Rashah McChesney: So, they were just on some kind of parallel track this whole time?

Libby Bakalar: The judge declined to consolidate those two cases early on, the ACLU asked to have them consolidated and for a number of reasons, he denied that motion. And I think when you see the two orders, in those two cases, you can kind of see why. There are a lot of different issues. Obviously the psychiatrists, they didnt have this blog. There wasnt this whole question of whether they were policymakers there wasnt, there was just kind of some different issues going on, different fact patterns.

So yeah, they were similar in some ways. But in a way, it was the best possible outcome, in my opinion that these two cases were decided separately and on different grounds. Because what the judge did, essentially within one case, he invalidated the resignation demand scheme on its face. And in my case, he invalidated it as applied to me. Its sort of a double whammy. I think in the end, it was good because we got those two separate rulings that essentially validated the illegalality of this entire scheme, both as it was conceived and as it was applied.
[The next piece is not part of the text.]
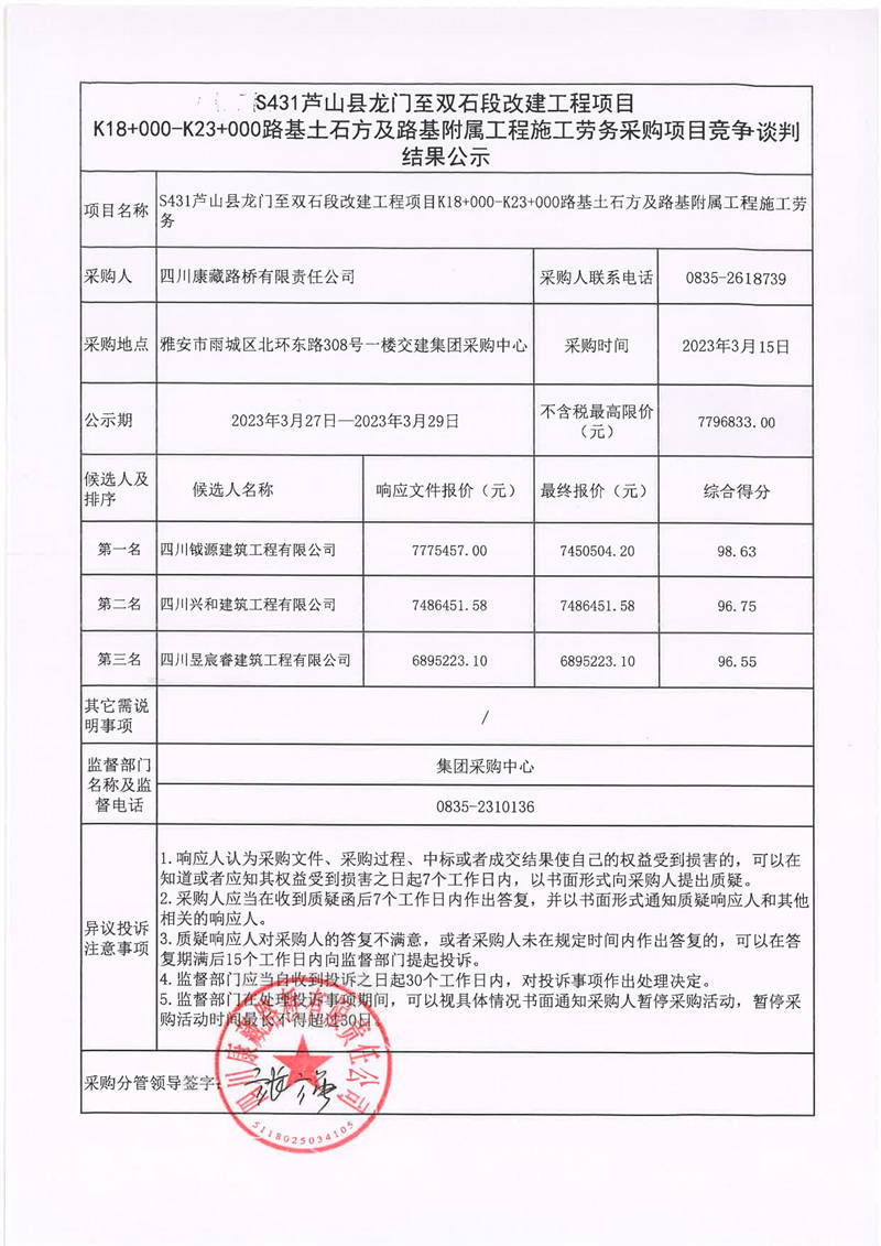 四川康藏路橋有限責任公司S431蘆山縣龍門至雙石段改建工程項目K18+000-K23+000路路基附屬工程施工勞務采購項目競爭談判結(jié)果公示

Rashah McChesney: Now that its been ruled that they fired you unconstitutionally how do they pay for it?

Libby Bakalar: So thats yeah, thats the question. Its either gonna be through a settlement or a jury trial. And so this is kind of like the analogy would be the sentencing hearing, kind of. After someones convicted, right, theres a whole other sentencing phase. Its kind of like that. So the judge basically, you know, quote, unquote, convicted them on this wrongdoing. And now theres the quote, unquote, penalty phase, thats more or less the analogy in the civil setting. So its over in the sense that the merits of the case have been decided, I mean, they could always appeal for all I know, they might appeal. And that could change the picture somewhat. But we have this ruling that says they broke the law, right? So now its like, well, how do you remedy that? And thats an open question.

Rashah McChesney: There could still be a fair amount of wrangling.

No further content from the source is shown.